Required action -
Copy exactly the lines of the data below, beginning with the line with "如果说半宝石是将玻璃和石材直" and ending with the line with "PEMATANG SIANTAR, DELITIMES.ID". Pictures are to be omitted.

Exercise input -
BEGIN

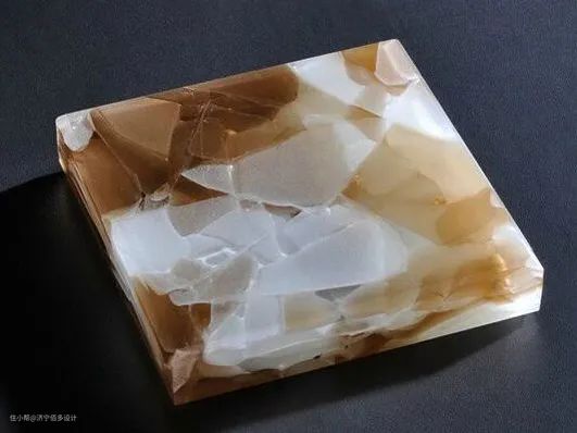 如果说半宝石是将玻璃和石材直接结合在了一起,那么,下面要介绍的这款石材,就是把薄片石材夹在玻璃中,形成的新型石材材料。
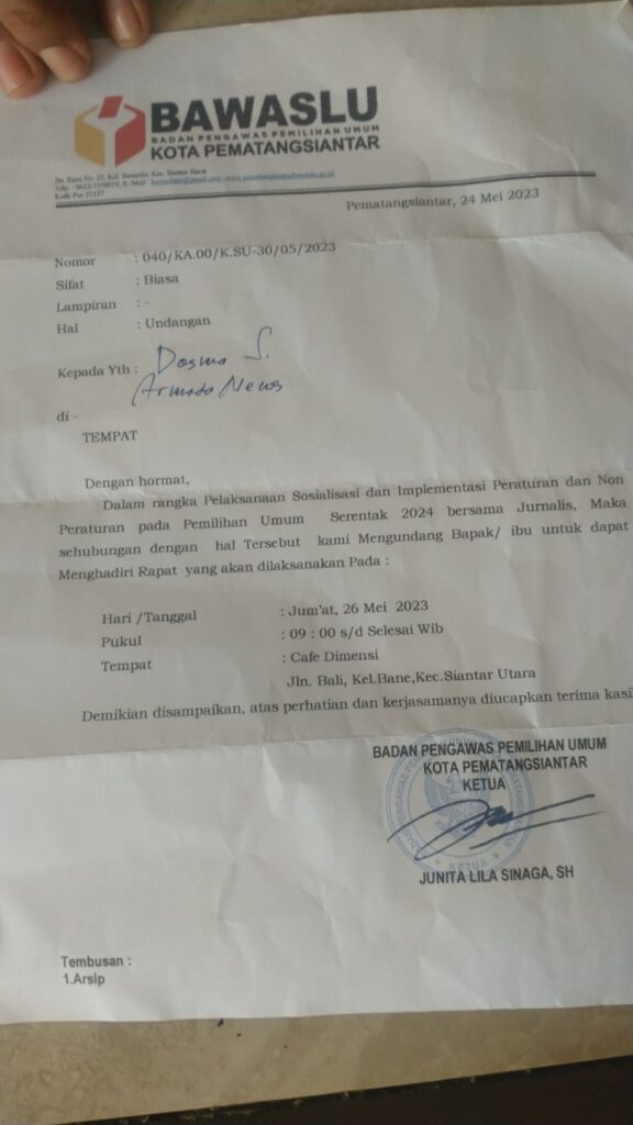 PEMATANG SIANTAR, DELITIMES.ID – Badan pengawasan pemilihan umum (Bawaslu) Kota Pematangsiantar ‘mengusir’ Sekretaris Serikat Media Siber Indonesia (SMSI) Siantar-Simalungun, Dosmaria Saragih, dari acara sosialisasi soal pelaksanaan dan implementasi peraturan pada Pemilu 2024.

END
BEGIN

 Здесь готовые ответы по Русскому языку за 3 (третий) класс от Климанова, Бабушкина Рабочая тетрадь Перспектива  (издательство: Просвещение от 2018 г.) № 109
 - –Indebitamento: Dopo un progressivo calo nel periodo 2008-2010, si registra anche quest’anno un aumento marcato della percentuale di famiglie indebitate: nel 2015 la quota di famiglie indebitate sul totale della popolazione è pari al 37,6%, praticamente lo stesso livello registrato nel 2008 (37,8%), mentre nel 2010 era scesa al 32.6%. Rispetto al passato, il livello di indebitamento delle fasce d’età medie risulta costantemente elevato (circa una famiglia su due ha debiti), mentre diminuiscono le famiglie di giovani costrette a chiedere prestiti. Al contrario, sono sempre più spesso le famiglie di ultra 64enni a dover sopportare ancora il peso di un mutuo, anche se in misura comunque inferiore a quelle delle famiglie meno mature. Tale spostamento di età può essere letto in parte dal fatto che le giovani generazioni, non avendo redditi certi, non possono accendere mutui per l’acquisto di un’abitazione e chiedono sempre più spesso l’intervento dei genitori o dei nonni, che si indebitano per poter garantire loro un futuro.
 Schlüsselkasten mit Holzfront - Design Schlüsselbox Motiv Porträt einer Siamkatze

END
BEGIN

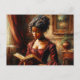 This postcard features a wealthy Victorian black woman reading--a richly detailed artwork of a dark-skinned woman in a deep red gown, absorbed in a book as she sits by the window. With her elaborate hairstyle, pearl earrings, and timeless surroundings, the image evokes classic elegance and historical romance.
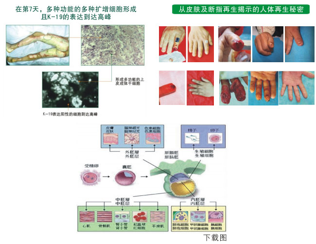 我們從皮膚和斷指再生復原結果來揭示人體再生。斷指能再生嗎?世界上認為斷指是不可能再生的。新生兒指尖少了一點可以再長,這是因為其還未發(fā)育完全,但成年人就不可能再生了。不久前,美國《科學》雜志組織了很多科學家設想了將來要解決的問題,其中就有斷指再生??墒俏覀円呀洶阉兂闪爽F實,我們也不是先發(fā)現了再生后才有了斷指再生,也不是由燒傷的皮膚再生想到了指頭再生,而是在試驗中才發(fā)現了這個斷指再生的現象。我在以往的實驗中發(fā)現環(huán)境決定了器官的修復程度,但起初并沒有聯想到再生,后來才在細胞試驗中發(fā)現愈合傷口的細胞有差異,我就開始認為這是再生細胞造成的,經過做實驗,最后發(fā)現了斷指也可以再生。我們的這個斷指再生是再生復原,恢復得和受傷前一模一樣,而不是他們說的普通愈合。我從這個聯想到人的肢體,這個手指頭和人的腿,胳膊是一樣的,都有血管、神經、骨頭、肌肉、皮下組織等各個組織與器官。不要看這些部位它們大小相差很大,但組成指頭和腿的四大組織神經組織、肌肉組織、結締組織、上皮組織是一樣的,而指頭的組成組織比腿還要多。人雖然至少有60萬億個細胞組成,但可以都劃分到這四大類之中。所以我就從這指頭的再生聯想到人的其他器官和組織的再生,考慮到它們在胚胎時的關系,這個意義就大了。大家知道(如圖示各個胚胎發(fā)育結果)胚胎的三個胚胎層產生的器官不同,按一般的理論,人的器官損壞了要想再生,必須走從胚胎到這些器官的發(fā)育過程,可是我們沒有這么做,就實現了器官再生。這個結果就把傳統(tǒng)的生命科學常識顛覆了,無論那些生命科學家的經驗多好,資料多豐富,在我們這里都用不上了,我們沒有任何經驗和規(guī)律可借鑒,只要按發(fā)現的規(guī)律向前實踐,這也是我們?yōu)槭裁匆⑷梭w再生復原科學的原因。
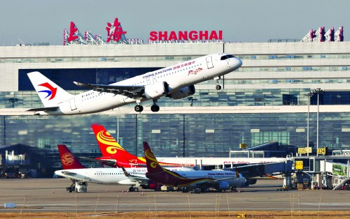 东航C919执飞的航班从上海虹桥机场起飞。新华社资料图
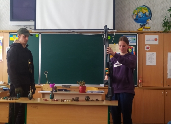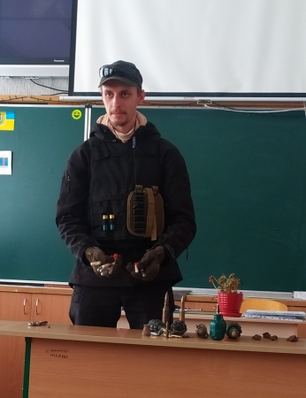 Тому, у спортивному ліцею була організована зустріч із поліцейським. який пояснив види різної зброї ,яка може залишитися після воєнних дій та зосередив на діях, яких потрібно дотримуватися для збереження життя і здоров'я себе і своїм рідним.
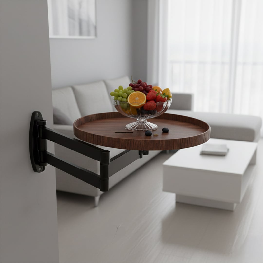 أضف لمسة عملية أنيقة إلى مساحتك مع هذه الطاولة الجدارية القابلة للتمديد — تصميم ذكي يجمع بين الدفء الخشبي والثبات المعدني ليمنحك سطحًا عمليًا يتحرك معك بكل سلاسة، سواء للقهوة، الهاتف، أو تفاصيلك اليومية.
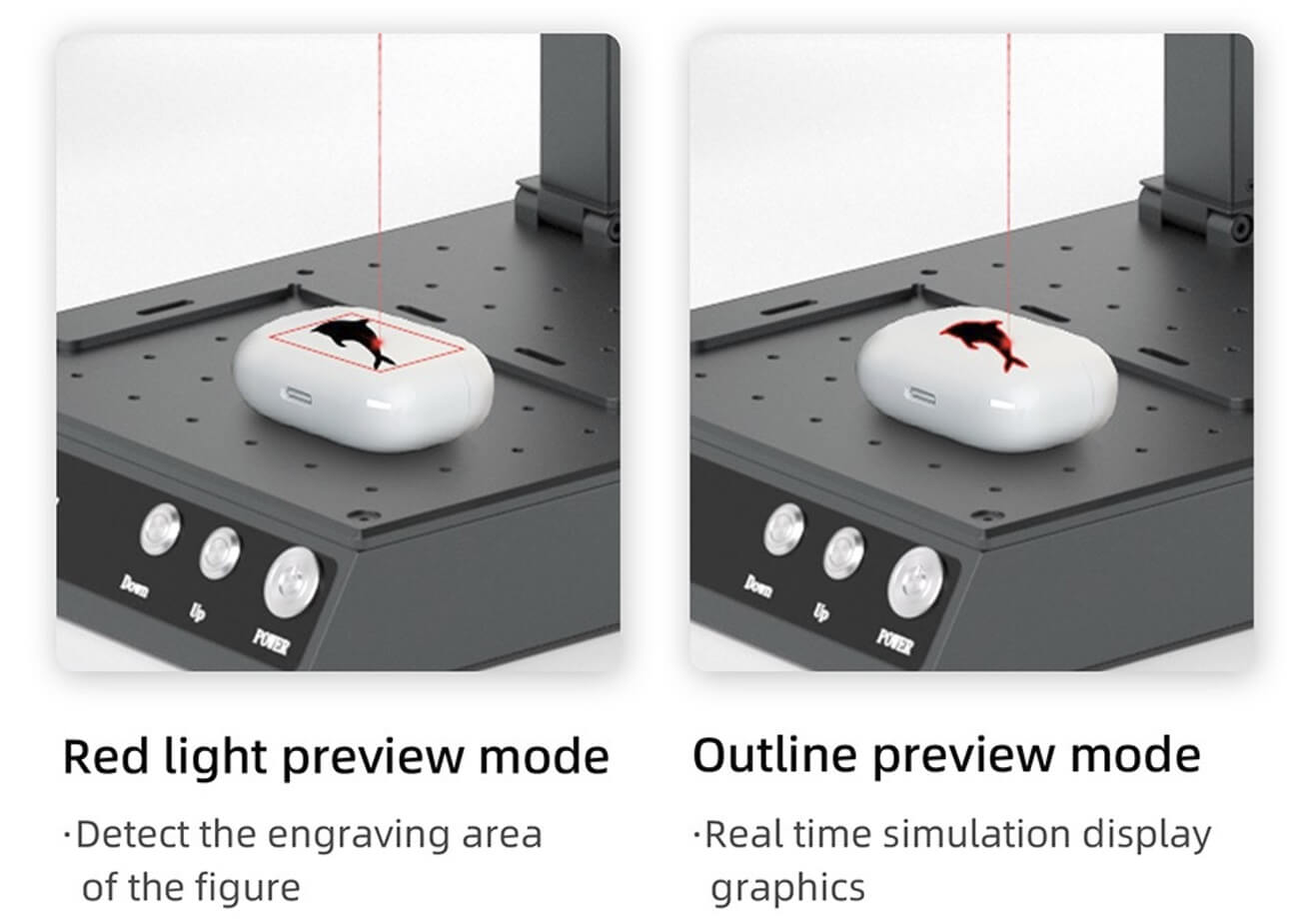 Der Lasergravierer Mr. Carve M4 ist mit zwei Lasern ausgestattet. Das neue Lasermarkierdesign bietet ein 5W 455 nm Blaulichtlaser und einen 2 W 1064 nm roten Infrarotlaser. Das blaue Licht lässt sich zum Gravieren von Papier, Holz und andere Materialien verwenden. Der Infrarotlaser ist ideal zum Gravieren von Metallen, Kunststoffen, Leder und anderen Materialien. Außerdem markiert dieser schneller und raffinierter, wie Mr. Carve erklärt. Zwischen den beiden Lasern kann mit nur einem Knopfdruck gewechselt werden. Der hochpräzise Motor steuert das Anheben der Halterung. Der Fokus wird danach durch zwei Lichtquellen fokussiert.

END

Answer box -
 如果说半宝石是将玻璃和石材直接结合在了一起,那么,下面要介绍的这款石材,就是把薄片石材夹在玻璃中,形成的新型石材材料。
 PEMATANG SIANTAR, DELITIMES.ID – Badan pengawasan pemilihan umum (Bawaslu) Kota Pematangsiantar ‘mengusir’ Sekretaris Serikat Media Siber Indonesia (SMSI) Siantar-Simalungun, Dosmaria Saragih, dari acara sosialisasi soal pelaksanaan dan implementasi peraturan pada Pemilu 2024.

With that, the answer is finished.